# 4 # KAIDAH TENTANG UPAYA MINIMAL


kecerdasan alam berfungsi tanpa upaya…..
tanpa beban, dengan keselarasan, dan dengan cinta kasih.

Dan jika kita manfaatkan daya keselarasan, kegembiraan, dan cinta kasih, maka kita menciptakan sukses dan keberuntungan tanpa berupaya.

***

Eksistensi yang utuh tahu tanpa mencari, melihat tanpa memandang, mencapai hasil tanpa berbuat.

Lao Tzu


Kaidah spiritual keempat dari sukses adalah Kaidah tentang Upaya Minimal. Kaidah ini berdasarkan pada fakta bahwa kecerdasan alam berfungsi tanpa upaya dan sama sekali tanpa beban. Ini merupakan prinsip tindakan minimal serta tanpa perlawanan, sehingga karenanya merupakan prinsip keselarasan dan cinta kasih. Apabila kita berhasil mempelajari hal ini dari alam, dengan mudah kita akan dapat memenuhi hasrat-hasrat kita.

Jika Anda perhatikan cara kerja alam, akan Anda lihat bahwa nyaris tidak ada upaya yang terlibat di dalamnya. Rumput tumbuh, bukan berupaya untuk tumbuh. Ikan berenang, bukan berupaya untuk berenang. Bunga mekar, bukan berupaya untuk mekar. Burung terbang, bukan berupaya untuk terbang. Semuanya itu merupakan sifat intrinsik dari eksistensi-eksistensi itu. Bumi tidak berupaya berputar mengelilingi sumbunya; sudah sifat bumi untuk berputar dengan kecepatan sangat tinggi sambil mengarungi alam semesta. Memang sifat matahari untuk memancarkan sinar. Dan merupakan sifat manusia untuk menjadikan impian kita terjelma dalam bentuk fisik dengan mudah dan tanpa daya upaya.

Dalam Rig Veda, filsafat yang sudah sejak dahulu kala ada di India, prinsip ini dikenal sebagai prinsip kehematan upaya, atau “berbuat lebih sedikit dan mencapai hasil lebih banyak”. Akhirnya Anda sampai di keadaan dimana Anda tidak berbuat apa-apa dan segala-galanya terlaksana. Ini berarti bahwa yang ada hanyalah sepercik gagasan, lalu manifestasi gagasan itu terjadi tanpa diupayakan. Hal yang umumnya disebut “mukjizat”, pada hakikatnya merupakan ekspresi dari Kaidah tentang Upaya Minimal.

Kecerdasan alam berfungsi tanpa upaya, dengan mulus dan secara spontan. Kecerdasan alam bersifat non-linier, intuitif, holistik, serta bersifat memelihara.
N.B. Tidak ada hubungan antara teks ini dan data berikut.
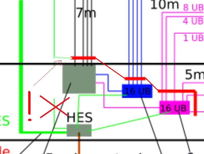 Sie hatten das PA-Kabel 4mm² (vom Mast-nahen PA kommend) auf die HES eingezeichnet ! Das ist falsch, das muss auf den Erdungsblock 17-fach gelegt werden ... siehe meinen Bildausschnitt, habe das mal korrigiert darin. Auch habe ich die 3 Erdungsblöcke in ihrer Zeichnung mal "verbunden", das ist ja nur einer ....
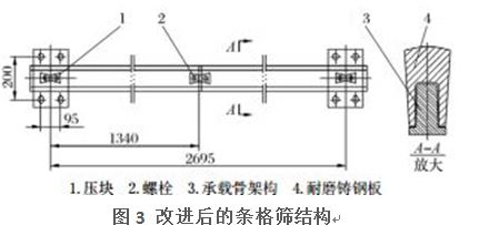 針對條格篩在生產中存在的問題,對格篩條進行了改進設計,改進后的條格篩主要由耐磨構件和承載骨架構件兩大部分組成,如圖3所示。
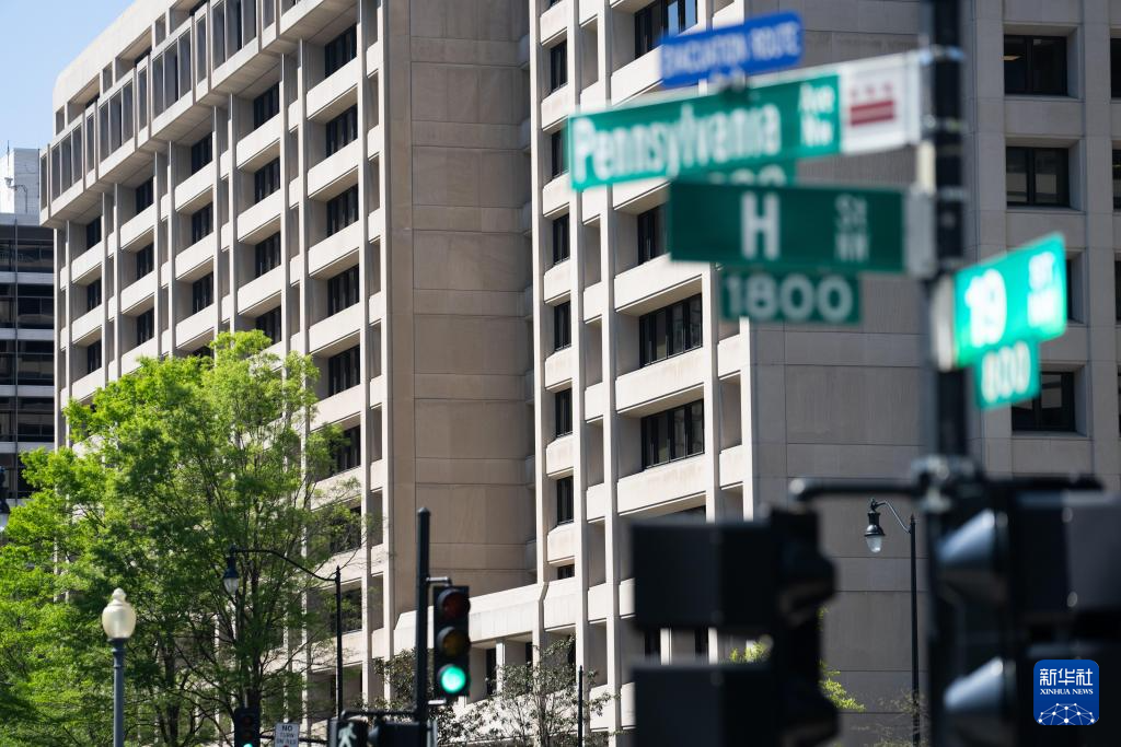 这是4月16日在美国华盛顿拍摄的国际货币基金组织总部。新华社记者 刘杰 摄
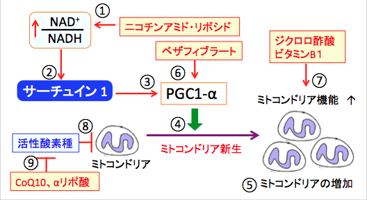 図:ニコチンアミド・アデニン・ジヌクレオチド(NAD+)の前駆体のニコチンアミド・リボシドの補充はNAD+/NADH比を高め(①)、サーチュイン1を活性化する(②)。サーチュイン1はPGC-1α(PPARγコアクチベーター1α)を活性化し(③)、PGC-1αはミトコンドリア新生を亢進して(④)、細胞内のミトコンドリアの数と量を増やす(⑤)。PPAR(ペルオキシソーム増殖因子活性化受容体)の汎アゴニスト(受容体に結合して活性化する物質)であるベザフィブラートは、直接あるいはPPARを介してPGC-1αを活性化する(⑥)。ジクロロ酢酸とビタミンB1はピルビン酸脱水素酵素を活性化する機序でミトコンドリア機能(物質代謝とエネルギー産生)を亢進する(⑦)。ミトコンドリアは活性酸素種によってダメージを受けている(⑧)。抗酸化作用のあるCoQ10、αリポ酸は酸化ストレスを軽減して、ミトコンドリアのダメージを阻止する(⑨)。したがって、ニコチンアミド・リボシド+ジクロロ酢酸+ビタミンB1+ベザフィブラート+CoQ10+αリポ酸の組合せは、老化に伴う諸臓器機能の低下の改善や、ミトコンドリアの機能低下による様々な疾患(筋萎縮性側索硬化症など)の治療に試してみる価値がある。

Apabila Anda berada dalam keadaan selaras dengan alam, apabila Anda sudah mantap dalam pengetahuan tentang Diri yang sejati, maka Anda dapat memberlakukan Kaidah tentang Upaya Minimal.

Upaya minimal adalah jika perbuatan Anda bermotivasikan cinta kasih, sebab yang memelihara keutuhan alam adalah energi cinta kasih. Jika Anda menginginkan kekuasaan dan pengendalian terhadap orang lain, maka Anda cuma membuang-buang energi saja. Apabila Anda menginginkan uang atau kekuasaan demi kepentingan diri Anda, maka Anda mengeluarkan energi untuk mengejar ilusi kebahagiaan, dan Anda justru tidak menikmati kebahagiaan yang ada pada  saat itu. Apabila Anda mencari uang hanya demi keuntungan pribadi, Anda memutuskan aliran energi ke diri Anda, serta mengganggu keutuhan ekspresi kecerdasan alam. Tetapi apabila perbuatan Anda didorong oleh cinta kasih, tidak ada energi terbuang percuma. Apabila tindakan Anda bermotivasikan cinta kasih, energi Anda menjadi berlipat ganda dan berakumulasi; energi tambahan yang Anda peroleh dan Anda nikmati dapat disalurkan untuk menciptakan apa saja yang Anda kehendaki, termasuk kekayaan yang tak terbatas.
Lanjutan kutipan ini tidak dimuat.